- Born: 1838 Dundee, Scotland
- Died: 28 August 1916 (aged 78) Abingdon, England
- Education: St John's College, Oxford
- Known for: Mathematics of the rate of chemical change
- Scientific career
- Workplaces: University of Oxford

= William Esson =

British mathematician

William Esson, FRS (17 May 1838 – 28 August 1916) was a British mathematician.

==Early life==
He was born in Carnoustie, Scotland.

Esson attended St John's College, Oxford.

==Career==
He then became a Fellow of Merton College. In 1892, he became the Savilian Professor of Geometry at the University of Oxford, based at New College. He worked on problems in chemistry with Augustus George Vernon Harcourt.

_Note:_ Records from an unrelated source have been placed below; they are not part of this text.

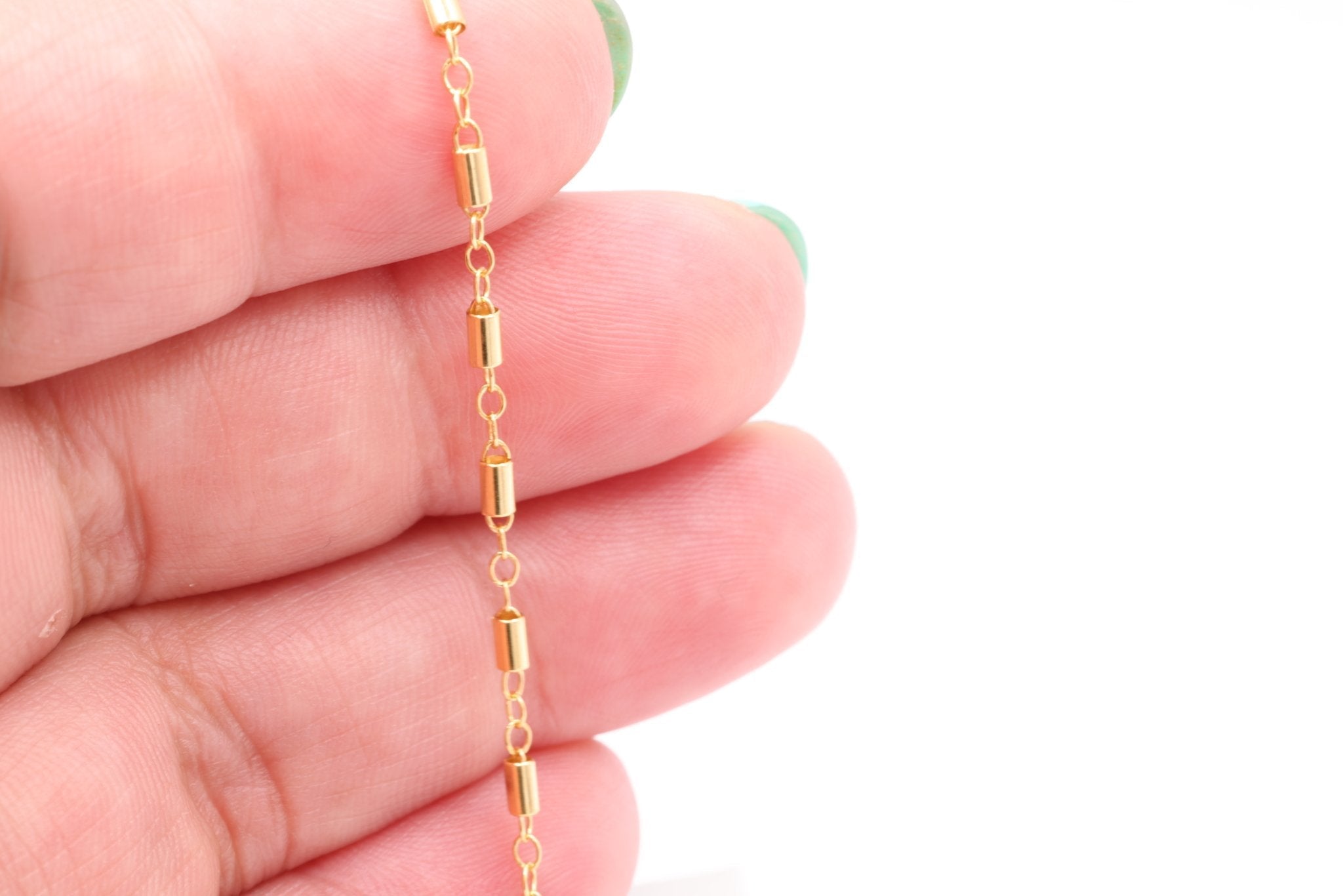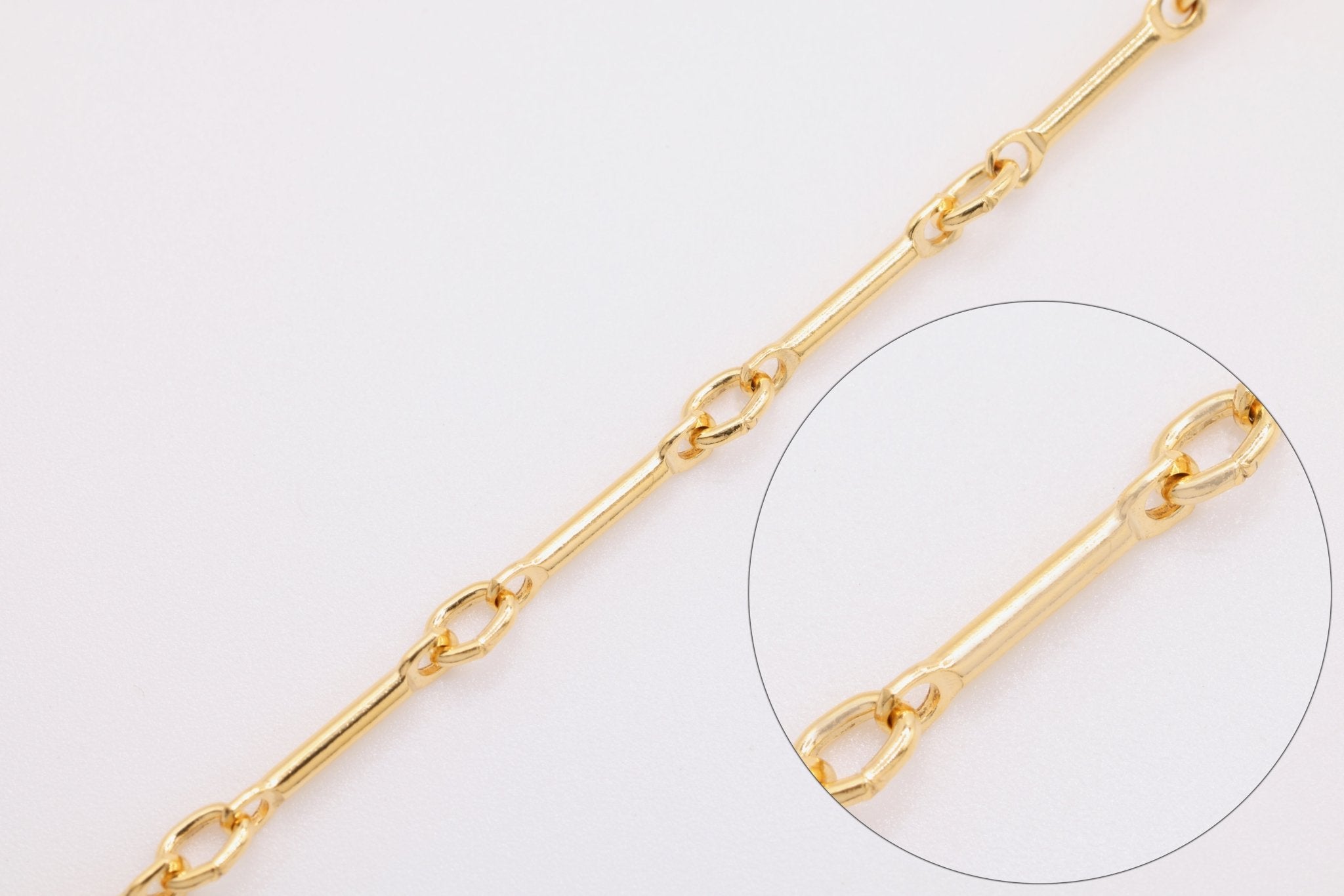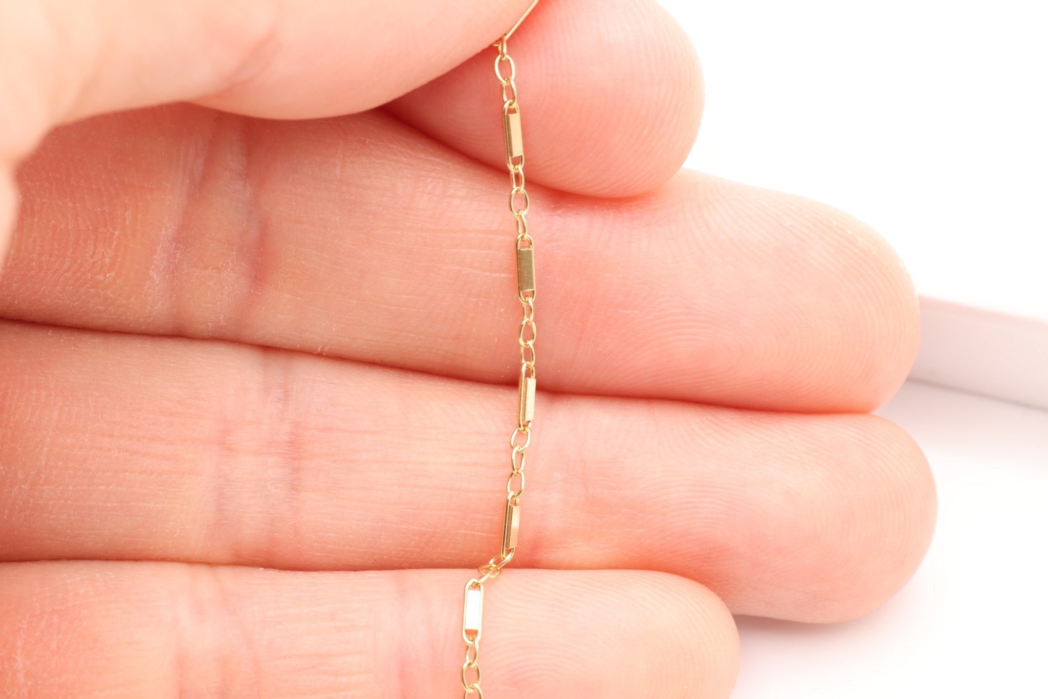 We offer our bar chain in materials such as gold-filled, sterling silver, and other gold plated materials. Bar chains are versatile and can be used in a variety of jewelry pieces, including necklaces, charm bracelets, and earrings. They can be worn alone as a minimalist statement piece or embellished with pendants and charms for a more personalized look. Due to their unique appearance, bar chains are often used in layered jewelry designs, where they can add a distinct textural contrast to other chain types.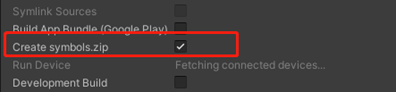 apk/aabパッケージビルド時に「Create symbols.zip」にチェックを入れると、出力ディレクトリにapk/aabと同名のシンボルzipファイルが生成されます。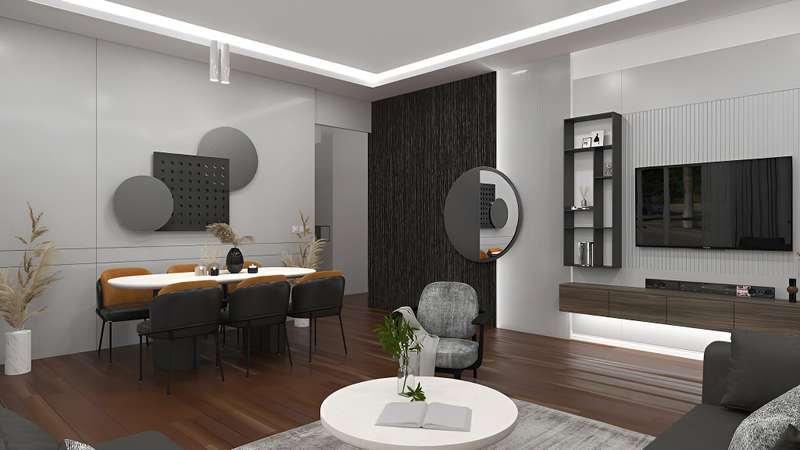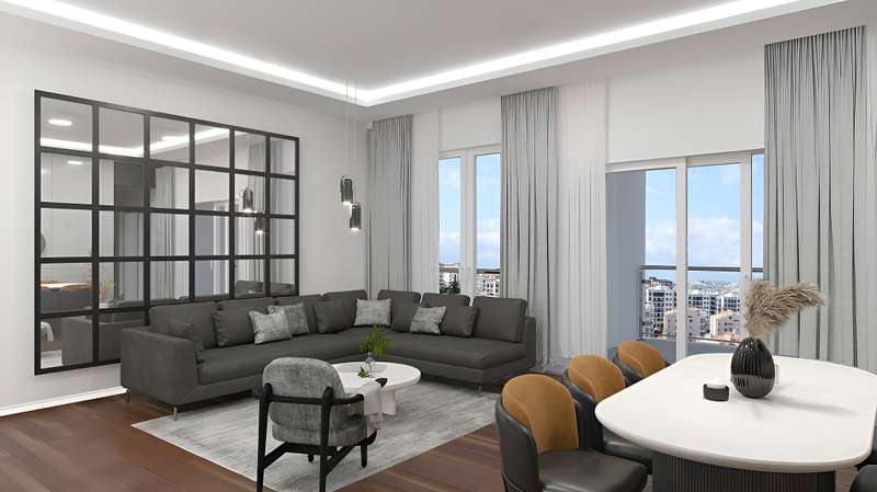 Apartments include an open-plan kitchen and separate kitchen options, an en-suite bathroom, high-quality interior materials, ceramic and wooden floorings, double-glazing windows, first-class kitchen cabinets, electric blinds, air conditioning, and a built-in set.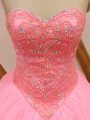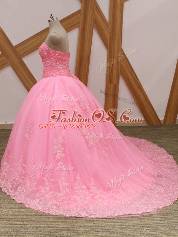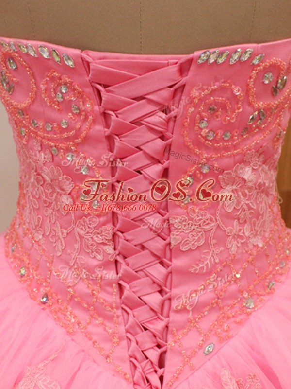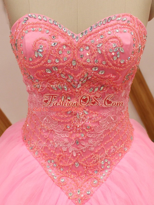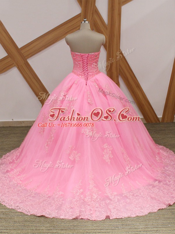 Custom Fit Lace Up Quince Ball Gowns Rose Pink for Military Ball and Sweet 16 and Quinceanera with Beading and Lace Brush Train
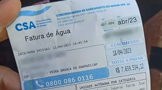Uma moradora de Pedra Branca do Amapari, distante cerca de 183 quilômetros de Macapá, recebeu uma conta de água no valor de R$ 7,6 milhões referente ao mês de abril. A imagem da fatura repercutiu na web nesta quarta-feira (12).

In 1869 he was elected a Fellow of the Royal Society and in 1895 delivered, jointly with Harcourt, their Bakerian Lecture on the Laws of Connexion between the Conditions of a Chemical Change and its Amount. III. Further Researches on the Reaction of Hydrogen Dioxide and Hydrogen Iodide.

He was on the governing body of Abingdon School until 1900.

==Personal life==
In 1874, Esson leased 13 Bradmore Road in North Oxford. He died in Abingdon, England.